Relevance: Cradle to Cradle

by William McDonough and Michael Braungart

     As the quotes show, Cradle to Cradle is both a remarkable call to action and a roadmap that shows how to proceed. While the arguments presented are powerful, the book's most powerful aspect for me was the actual, physical book itself--how it was a manifestion of the need to rework an entire process in which a need--in this case to create a book--is met in a fully sustainable way. Cradle to Cradle allows readers can hold in their hands a credible and satisfying solution to the question of how can we do something old in a new, fully sustainable way.
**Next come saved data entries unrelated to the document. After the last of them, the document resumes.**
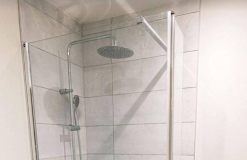 The studio has a double bed. The bathroom is fitted with a shower and a toilet.
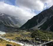 库克山国家公园位于南岛中部,风景极佳,今年去时正赶上下雨,云雾中开到山下,天逐渐放晴,库克山真容逐渐显露出来,清新的空气,鲜绿的青草,云雾缭绕在半山腰,覆盖着白雪的山峰,沿着塔斯曼步道,看到了壮观的塔斯曼冰川!
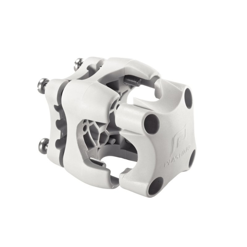 Morsetto in poliammide ad alta resistenza e acciaio inox. Montaggio semplice e veloce su qualsiasi tubo, senza forare. Montaggio verticale o orizzontale. Consegnato completo di morsetto, viti e supporto.
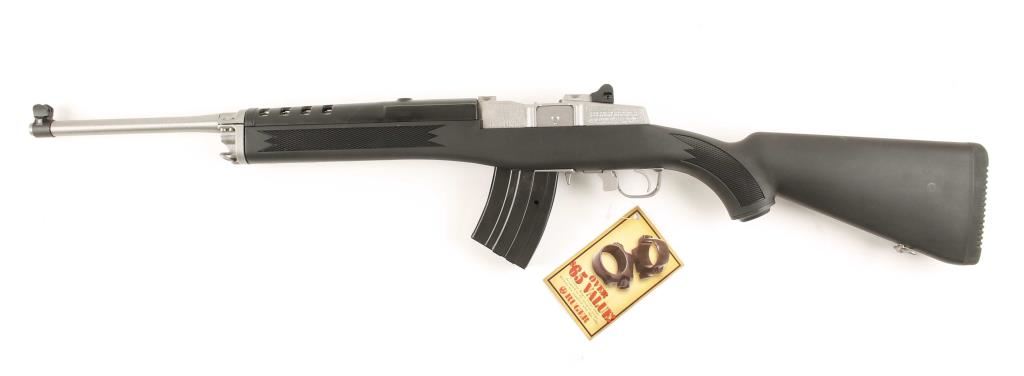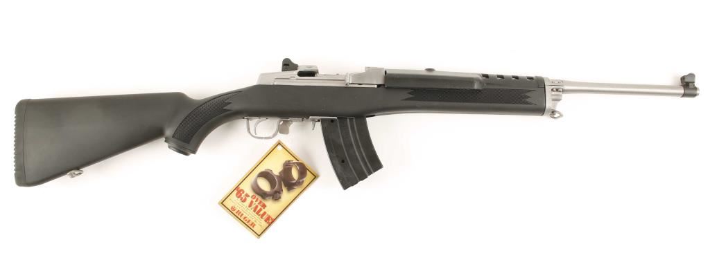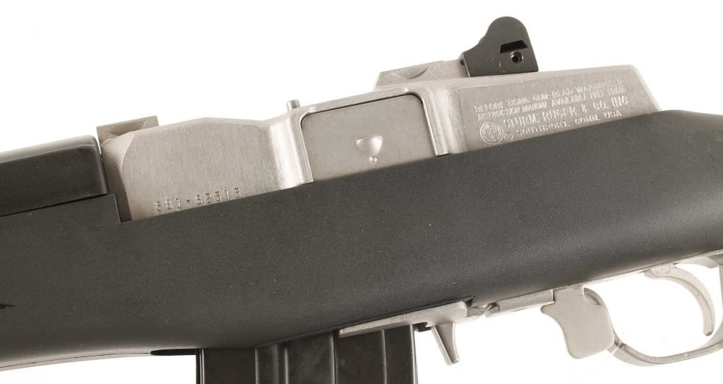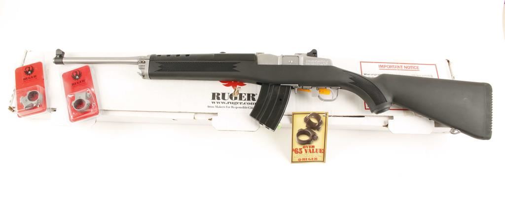 Semi automatic magazine fed ranch rifle chambered in 7.62x39. Features a 16.5" stainless barrel, blade front sight, investment cast heat-treated receiver, adjustable rear sight, synthetic stock & hand guard, 20 round magazine and safety lever. Includes original factory box, scope rings, tool and lock. Finish has little to no wear, bore is excellent as is the action. Has an original tag still attached to trigger guard and consignor believes it to be unfired. Condition is like new in box. ***Modern Firearm***
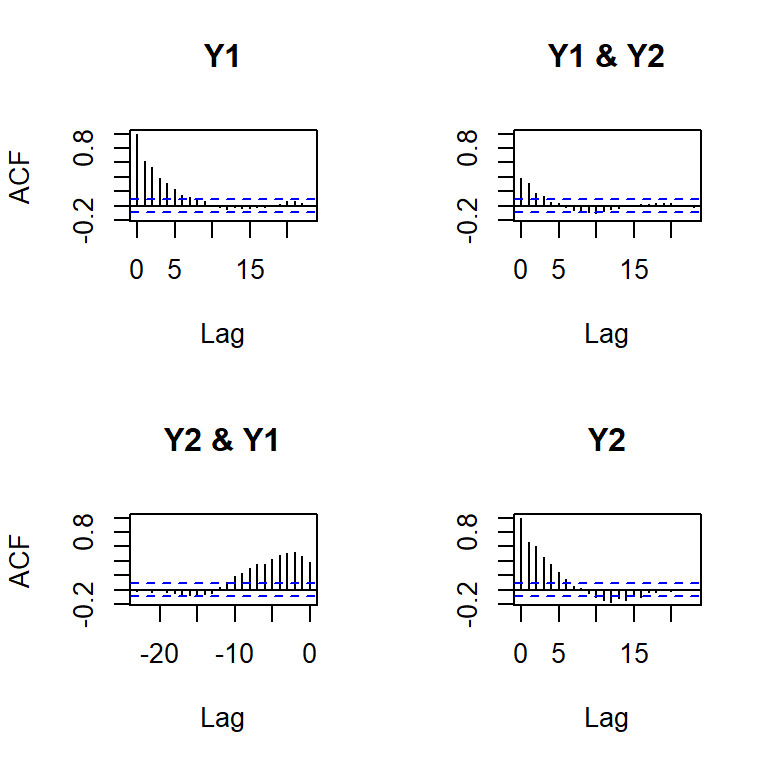 <- ts(simVAR2$series, names = c("Y1", "Y2"))
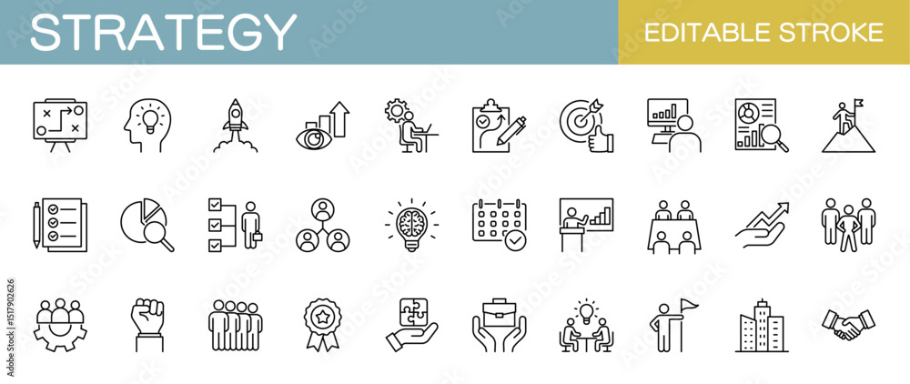 Strategy line icons set. Marketing, business, management and project. Editable stroke. Vector illustration #1517902626
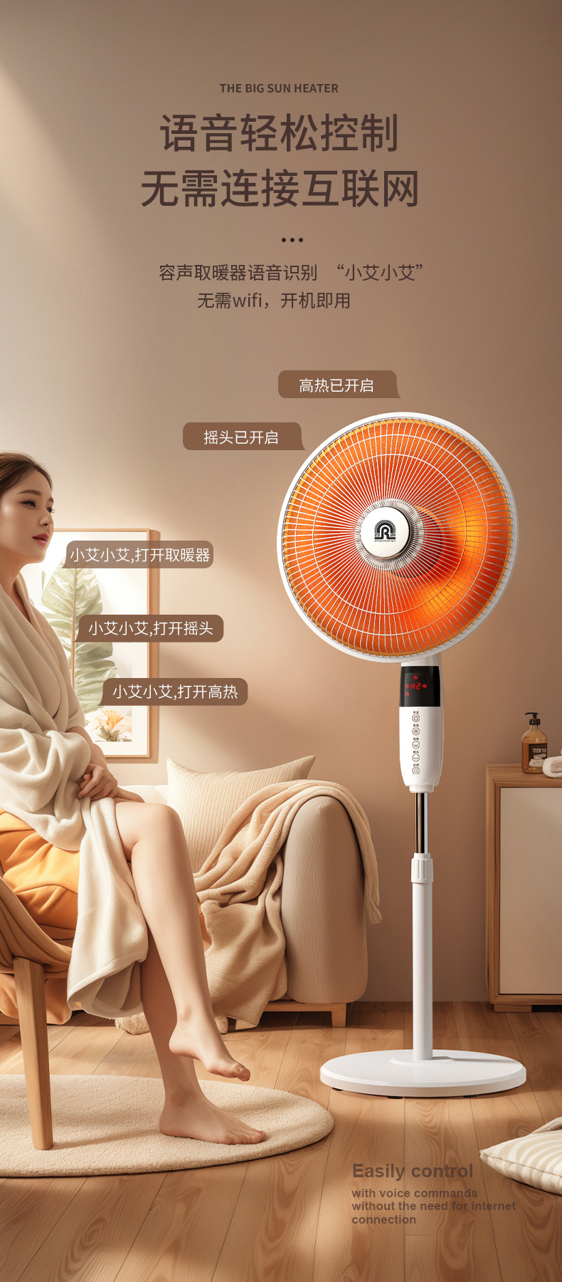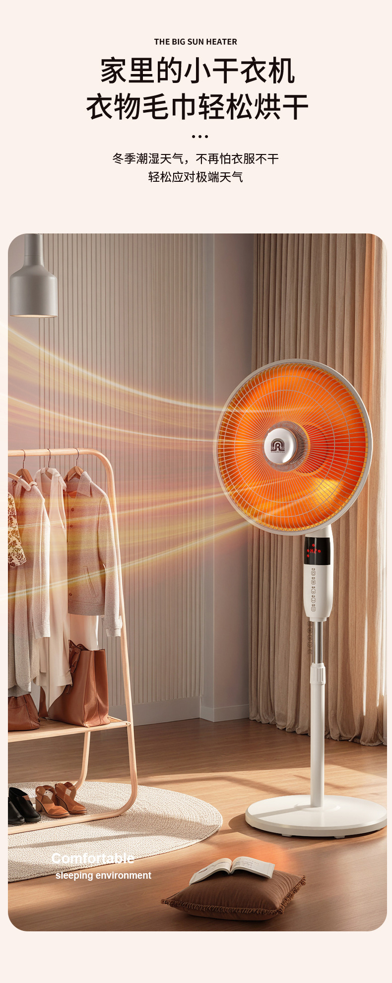 작은 태양 히터 가정용 큰 에너지 절약 절전 빠른 난방 전기 난방 팬 수직 전기 난방 팬 바닥 서스토어 가기

     Windward is undertaking to do practical research into the question of how to do that in enough ways that we're able to create a critical mass of sustainability--one key to achieving that goal lies in having clear principles that allow us to look at the various options and sort out the ones that lead to sustainable outcomes from the ones that trade one dependency for another. Cradle to Cradle offers a clear standard to follow by making the case that it's not enough to make a bad system less bad; rather, that we need to find ways to transition to a system in which all outputs serve as inputs for other activities that create value and fulfill our needs.
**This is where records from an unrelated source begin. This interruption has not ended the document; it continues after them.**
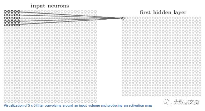 CNN的第一层通常是卷积层。首先,你需要记住卷基层的输入是什么。如上所述,输入是一个32 x 32 x 3的像素值数组。现在,解释卷积层的最好的方法就是想象一个手电筒正从图像的左上角照过。我们假设这个手电筒的光覆盖了一个5 x 5的区域。然后,我们想象这个手电筒的光照过输入图像的所有区域。在机器学习的术语中,这个手电筒叫做过滤器(有时也被称作神经元或者内核),手电筒照过的区域称作感受域。现在这个过滤器也是一个数组(其中的数字被称为权重或者参数)。一个非常重要的注意事项是过滤器的深度要和输入的深度相同(这保证可以进行数学运算),所以这个过滤器的大小是5 x 5 x 3。现在我们以滤器的第一个位置为例,即图像左上角。随着过滤器在输入图像上滑动,或者进行卷积运算,过滤器中的值会和图像上的原始值相乘(又称作计算点积)。将这些乘积相加(从数学角度讲,一共会有75个乘积),你就得到了一个数字。记住,这个数字只是过滤器在图像左上角时得到的结果。现在,我们在输入内容的每一个位置重复这一过程。(下一步是把过滤器向右移动一个单位,然后再右移一个单位,以此类推)。输入内容上的每一个特有位置都会产生一个值。过滤器滑过所有位置后,你会发现你得到了一个28 x 28 x 1的数组,我们把它称作激活映射或特征映射。你得到一个28 x 28数组的原因是,5 x 5的过滤器在32 x 32的输入图像上有784个不同的位置。这784个数字映射成了一个28 x 28的数组。
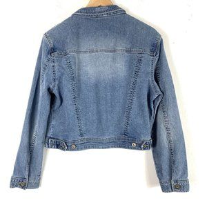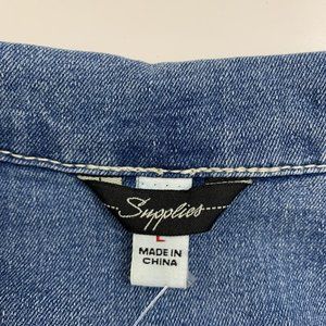 Large Jean Jacket Button Front Denim Coat Faded Womens Supplies
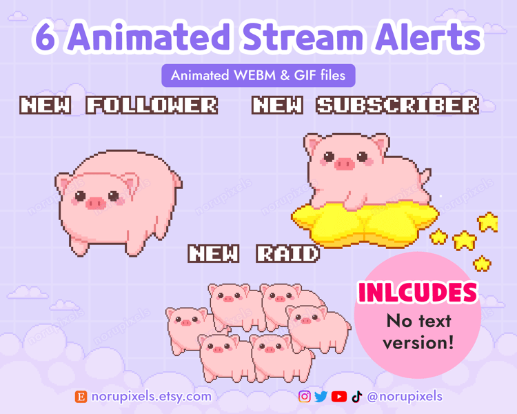 6 animated stream alerts ready to download. After purchase you will receive a .ZIP file. Unzip this to access:
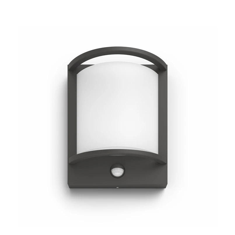 Zewnętrzna lampa ścienna LED Samondra z czujnikiem ruchuZewnętrzna lampa ścienna LED Samondra z kolekcji myGarden firmy Philips jest wykonana z wytrzymałego aluminium i dyfuzora z tworzywa sztucznego. Jest wyposażona w nowoczesną, ciepłobiałą technologię LED i dlatego stanowi trwałe oświetlenie każdej fasady. Zintegrowany czujnik ruchu włącza ją automatycznie.Dane czujnika ruchu:- Zakres wykrywania 110°- Zasięg czujnika maks. 10 metrów- Optymalna wysokość montażu 2 metry- Czas świecenia regulowany od 5 sekund do 12 minut
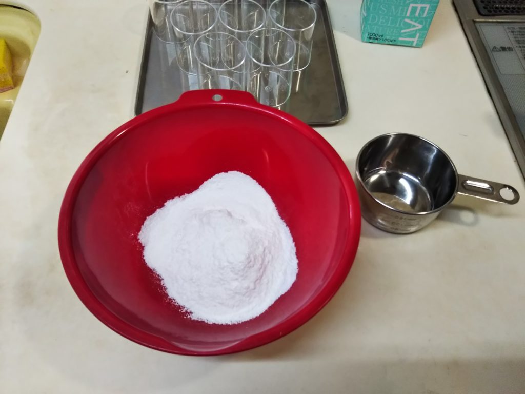 100㎖の使い捨てデザートカップ8個とゼリー型9個分
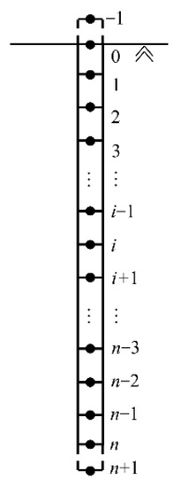 By solving Equation (6), the pile response after excavation can be obtained. However, Equation (6) is a nonlinear second-order differential equation, and it is hard to obtain an analytical solution. Therefore, the load-transfer method combined with numerical difference is adopted in this paper. Firstly, the pile was discretized into segments to facilitate the numerical analysis, as shown in Figure 5. The length of each segment is . The nodes of each segment are numbered from the top to the base of the pile. Two virtual nodes, numbered -1 and n+1, are added to create boundary conditions. When is large enough, linear axial force distribution can be assumed to simplify the analysis. In the excavation unloading stage, substituting Equation (1) into Equation (6), the load transfer differential equation of a single pile can be rewritten into:
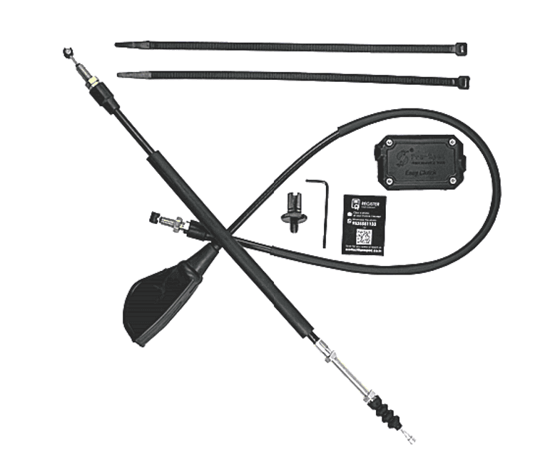 The Easy Clutch is a device designed to reduce up to 40% of the clutch effort applied on the lever. It is custom-tuned for various riding conditions while conforming to global standards. The device is installed in place of the original clutch cable and uses high-quality materials such as aerospace-grade aluminum for the Pro series and high-grade composite material for the non-Pro series. This ensures durability and smooth operation, making it easier for riders to engage and disengage the clutch with less effort.
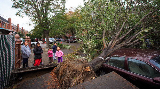 Cây cối ngã đổ sau khi cơn bão Sandy đi qua tại Queens, New York - Ảnh: Thanh Tuấn

     Like any other serious enterprise, Windward started out with a high degree of dependency on the economic system in which it took root. Over the years since then, we've undertaken to wean the organization off that dependency, and to a large extent we've been successful in accomplishing that goal, or at the least in developing the resources needed to break that dependency if the need for that degree of rigour should present itself in the future.
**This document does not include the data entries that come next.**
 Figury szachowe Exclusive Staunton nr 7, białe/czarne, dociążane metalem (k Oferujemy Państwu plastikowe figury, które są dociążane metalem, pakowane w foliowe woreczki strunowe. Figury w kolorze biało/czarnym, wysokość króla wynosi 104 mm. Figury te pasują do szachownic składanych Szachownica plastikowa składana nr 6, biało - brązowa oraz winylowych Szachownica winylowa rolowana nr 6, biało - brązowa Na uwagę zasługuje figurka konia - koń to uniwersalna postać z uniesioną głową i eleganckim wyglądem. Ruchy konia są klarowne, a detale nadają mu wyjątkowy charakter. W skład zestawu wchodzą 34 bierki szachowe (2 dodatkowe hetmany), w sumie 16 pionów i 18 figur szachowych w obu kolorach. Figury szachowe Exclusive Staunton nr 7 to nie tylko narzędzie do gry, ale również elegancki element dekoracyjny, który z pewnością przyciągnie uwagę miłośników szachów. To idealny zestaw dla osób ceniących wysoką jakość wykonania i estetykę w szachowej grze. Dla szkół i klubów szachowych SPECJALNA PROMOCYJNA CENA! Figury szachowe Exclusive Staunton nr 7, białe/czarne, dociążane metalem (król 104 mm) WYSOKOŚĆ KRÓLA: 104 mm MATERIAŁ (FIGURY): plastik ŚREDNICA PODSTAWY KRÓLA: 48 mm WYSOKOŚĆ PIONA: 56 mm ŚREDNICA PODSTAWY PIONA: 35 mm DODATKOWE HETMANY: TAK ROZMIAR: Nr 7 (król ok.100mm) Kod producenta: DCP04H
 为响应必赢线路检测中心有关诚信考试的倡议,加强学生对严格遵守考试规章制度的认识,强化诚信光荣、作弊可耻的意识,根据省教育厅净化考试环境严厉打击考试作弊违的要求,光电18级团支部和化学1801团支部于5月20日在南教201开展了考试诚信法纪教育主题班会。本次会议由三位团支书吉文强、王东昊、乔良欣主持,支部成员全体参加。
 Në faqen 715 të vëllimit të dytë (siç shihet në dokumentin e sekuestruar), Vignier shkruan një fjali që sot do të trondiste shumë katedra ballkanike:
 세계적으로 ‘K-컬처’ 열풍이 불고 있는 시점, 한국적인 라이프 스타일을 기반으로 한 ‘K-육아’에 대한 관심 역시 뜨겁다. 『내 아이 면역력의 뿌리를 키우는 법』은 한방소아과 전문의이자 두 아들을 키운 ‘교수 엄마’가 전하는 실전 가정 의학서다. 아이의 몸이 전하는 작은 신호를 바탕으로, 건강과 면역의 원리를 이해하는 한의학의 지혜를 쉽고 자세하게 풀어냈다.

     For example, we use a gasoline powered chainsaw and hydraulic wood splitter to process dead trees into firewood because that's the most epiditious way to proceed for now. If the "Crude Awakening" come to pass and gasoline became relatively unavailable and we couldn't get the parts needed to convert an engine over to methanol, we have "fall back technology" in reserve such as the two-person trunk saw pictured below.

  


     It's worth noting that a hundred years ago, that type of saw was often called "a misery stick," which should give you an idea why the relative cost of gasoline would have to increase many fold before we would feel compelled to switch over to doing it the old way full time. Still, there's a comfort in knowing that we have the option should the need arise.

     And indeed, if we had to we even have the tools needed to take a leaf spring off a car and forge another saw blade, so we're okay for now with using the most efficient current technology as we transition ourselves to cradle-to-cradle solutions such as earth-sheltering and the use of geothermal heat to maintain occupancy temps without using a lot of firewood.